What key challenges did you face in implementing these projects?
The mandate to “do more with less” continues. With frenetic change as the predominant driver, leaders and managers in governments of all sizes are charged with balancing growing needs and shrinking resources with the burgeoning demands on – and complexity of – the systems that keep their worlds operating. IBM has formed long-term relationships with national, regional and local governments in all regions of the world, resulting in a long list of references. IBM has a proven track record, with a dedicated focus on clients’ most critical needs, delivering lasting transformative solutions involving the integration of processes, people and systems.
Which organisations and institutions is IBM partnering with to offer solutions in the e-governance domain? What role for the IBM Research Lab are you looking forward to?
IBM India Research Lab is heavily focused on developing solutions for specific industries, including government. The goal is to create groundbreaking applications and platforms that would help businesses and industries thrive. Take, for example, the potential of the Spoken Web. People can create voice sites using a simple telephone, mobile or landline. The user gets a unique phone number which is analogous to a URL and when other users access this voice site they get to hear the content uploaded there. Interestingly, all these voice sites can be interlinked creating a massive network, which can work like the World Wide Web. IBM partners with almost all leading IT players in the Indian market to work collaboratively to offer the best solution to the customer.
The Indian Council of Research on International Economic Relations (ICRIER) recently brought out a report, concluding that IBM is monopolising the mainframes market. What do you have to say about it?
This report was written by Openmainframe.org, an organisation that is a front group for many of IBM’s competitors. So you must consider the source of these unfounded accusations. Openmainframe.org is bought and paid for by Microsoft and other IBM competitors, so it’s hardly surprising that it would be making an anti-IBM argument. This report has no credibility.

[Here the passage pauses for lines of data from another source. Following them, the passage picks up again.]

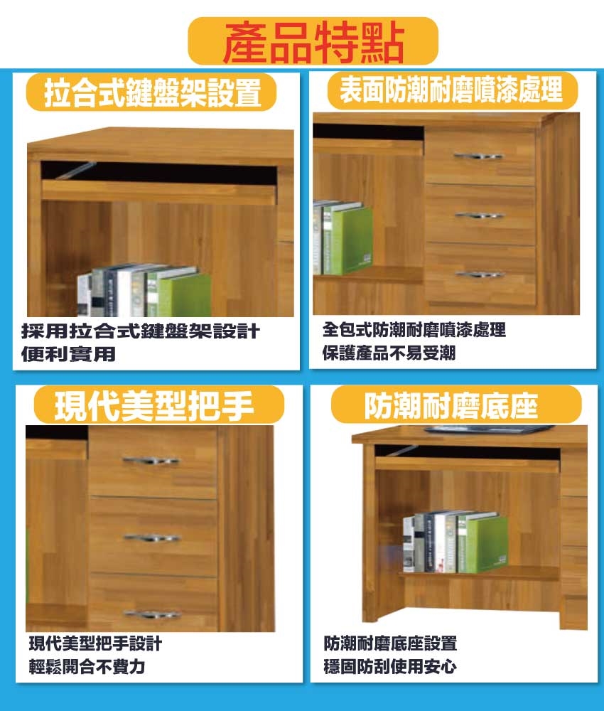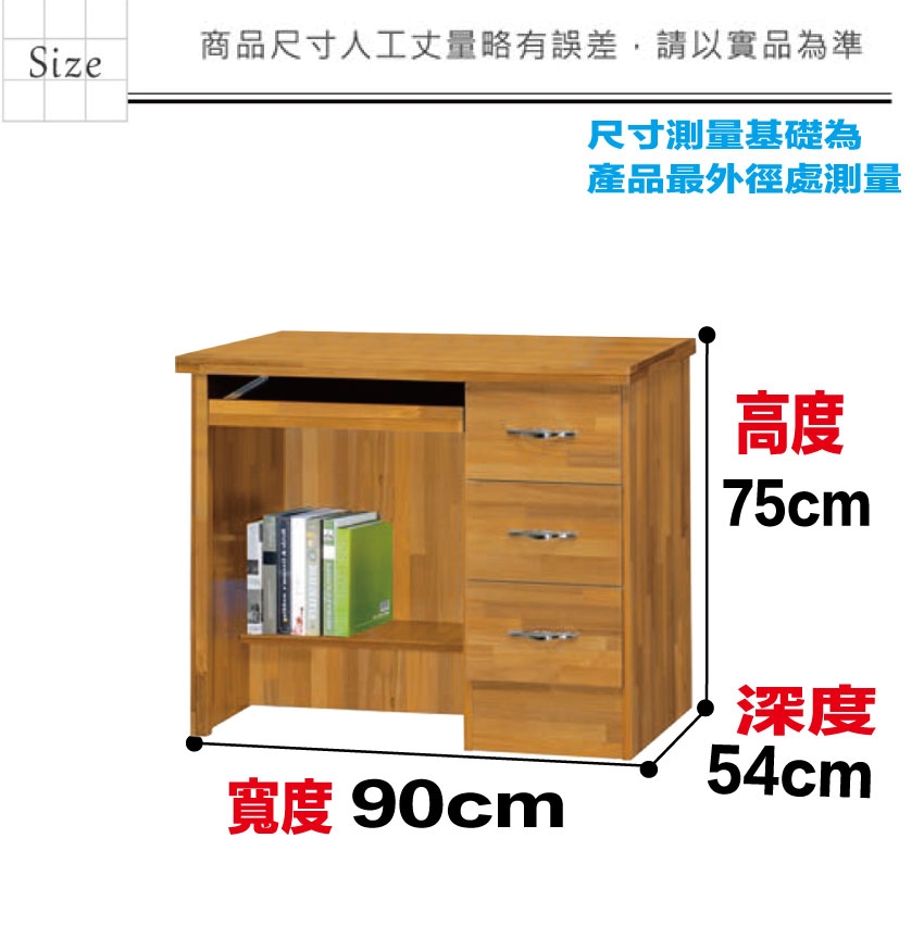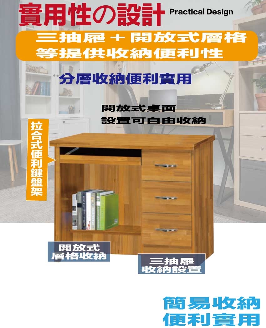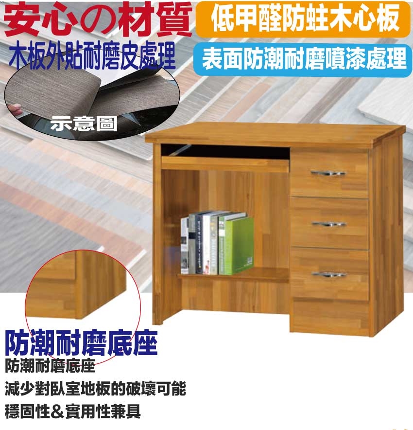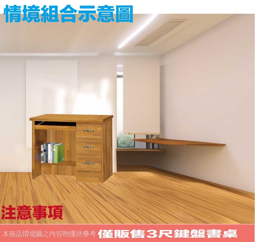 ◆產品名稱:【綠家居】心語3尺鍵盤三抽書桌
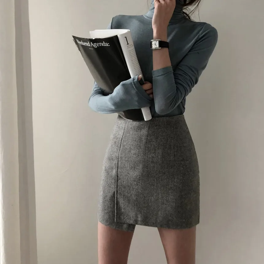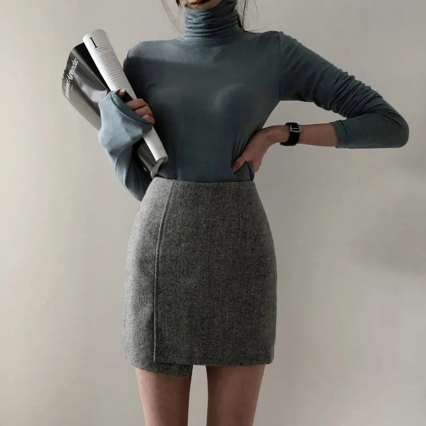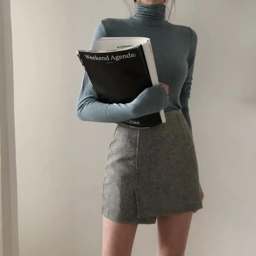 Темпераментные зимние базовые Топы женские с длинным рукавом облегающие сексуальные дизайнерские футболки из хлопка в Корейском стиле 9808
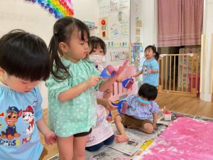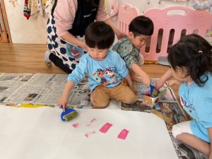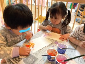 リトミックの後は、卒園式に向けて、卒園児・在園児製作をしました💓

The accusations in this report are not being driven by the interests of clients, but rather by some of IBM’s competitors. To call the IBM mainframe a ‘monopoly’ is reflective of lack of understanding of technology challenges facing the country. IBM servers face vigorous competition. IBM’s System Z servers constitute less than 10 percent of all server revenue and 0.03 percent of total server shipments. In fact, only a decade ago, the IBM mainframe was on the verge of extinction because of competition from Wintel and other distributed platforms that still heavily dominate the market today. But by investing billions of dollars in research and development, IBM improved the mainframe platform and enhanced its competitiveness.
Even while doing so, IBM regularly has lowered the prices paid by clients for doing work on the mainframe. As a result, IBM’s clients have benefited from innovation on the platform, and an alternative to Unix and Windows has been preserved.
Continuous quality improvements and reduced prices are not what one would expect from a so-called monopoly.